Indonesian press system still seeks best format
By Junarto Imam Prakoso
JAKARTA (JP): The famous words of John Stuart Mill that one single view different from all others should be respected and that humankind does not have the right to silence that view have become the fundamental principle of the freedom of the press, fought for over hundreds of years in the west. In Indonesia -- in order that we do not become pessimistic -- now at least we are experiencing a transformation of the press system. The abolition of Ministerial Decree No.1 of 1984 has resulted in dozens of new press licences. President Habibie's guarantee that there will be no more censure or ban gives a feeling of relative safety for journalists to express themselves freely.
The atmosphere of this freedom is used by the elements of the system that is politically fragmented. The prevailing tendency is that an increasing number of media openly show their partisanship for certain political parties or interest groups.
The implication of the change in the political system we will discuss is that the national media will be increasingly partisan and the competition in the media business sharper.
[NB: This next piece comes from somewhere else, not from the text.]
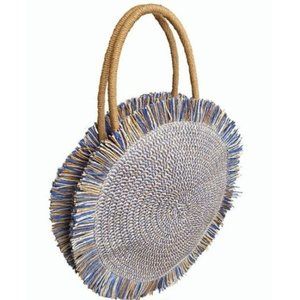 Circle woven basket fringe tote bag

Both the political and the economic factor have the potential to distort the meaning of the freedom of the press and in turn they will threaten professional journalism that follows the principle of giving priority to a balance and an objectivity in news reporting.
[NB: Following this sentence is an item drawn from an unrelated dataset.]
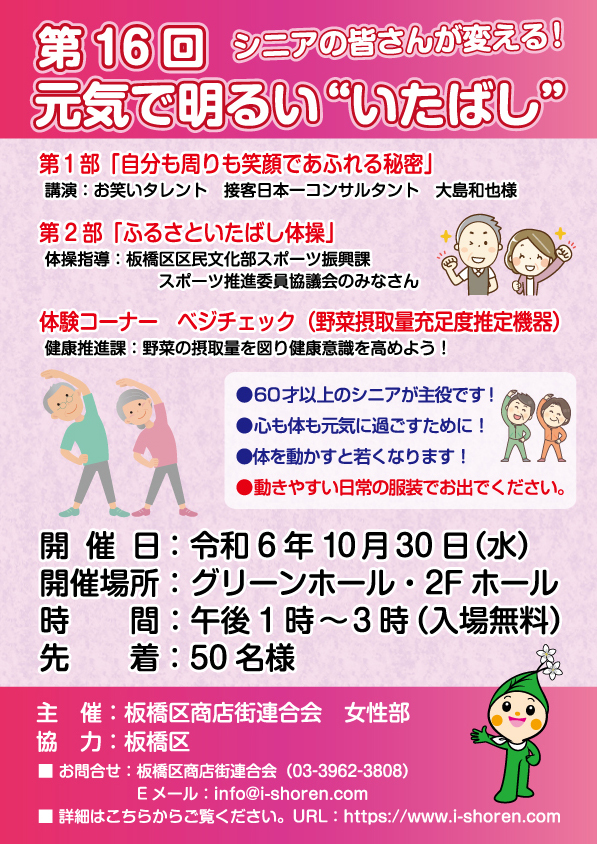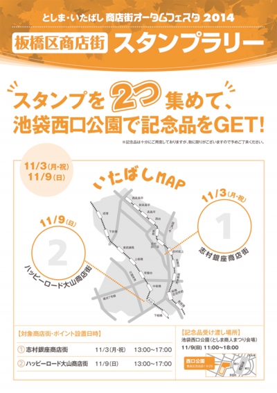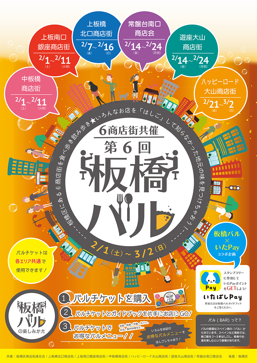 今回は、遊座山商店街(振)、ハッピーロード大山商店街(振)、中板橋商店街(振)、上板南口銀座商店街(振)、 上板橋北口商店街(振)、常盤台南口商店会の6商店街が参加して開催されます。

John Milton in Aeropagiticia (1644) assumes that each human being is rational. This enables him to find the truth in a number of facts. In order to be able to use the ability, each person must be given an unlimited right to hear other people's ideas and thoughts. The truth, said Milton, is certain and can be shown. In the process of seeking the truth, information plays a dominant role because only with adequate information can the search for the truth take place. The consequence is that one must be free to send, to collect and to receive information in an unhampered way. In the final instance one will find the best for the welfare of oneself and of society.
John Stuart Mill additionally said that it is allowable to convey any kind of information to man, whether it is wrong, bad, good or true. Fundamentally man cannot claim something is right or wrong because what is deemed right may be wrong. On the other hand, if we know the information is wrong, there may be some truth in it. Even if it is entirely wrong, the information can serve as a comparison.
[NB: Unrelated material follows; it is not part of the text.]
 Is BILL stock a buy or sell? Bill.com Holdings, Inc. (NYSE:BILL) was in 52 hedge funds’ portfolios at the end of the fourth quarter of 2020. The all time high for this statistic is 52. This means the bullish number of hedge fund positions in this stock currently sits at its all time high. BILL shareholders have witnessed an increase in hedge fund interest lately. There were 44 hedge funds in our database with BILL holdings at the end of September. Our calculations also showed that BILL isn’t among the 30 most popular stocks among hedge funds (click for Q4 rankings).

From the thought of Milton and Mill the contemporary idea of "a free market in ideas" is drawn. In this free market, the truth will prevail through a self-correcting process. Wrong information will correct itself automatically. Therefore, there should be no control on the flow of information. Control leads to manipulation by the controller. In a wider context, this has its implications for the rejection of control of information exercised by the authorities. Supporters of libertarianism believe that in the free market, the press industry will experience natural selection. Bad press will be eliminated because it does not enjoy the people's trust.
In reality the press, which was initially expected to function as a fourth pillar of democracy, became an extension of a political party, an interest group or a business institute that is after profit only so that the press cannot be expected to serve as a facility for finding the actual truth.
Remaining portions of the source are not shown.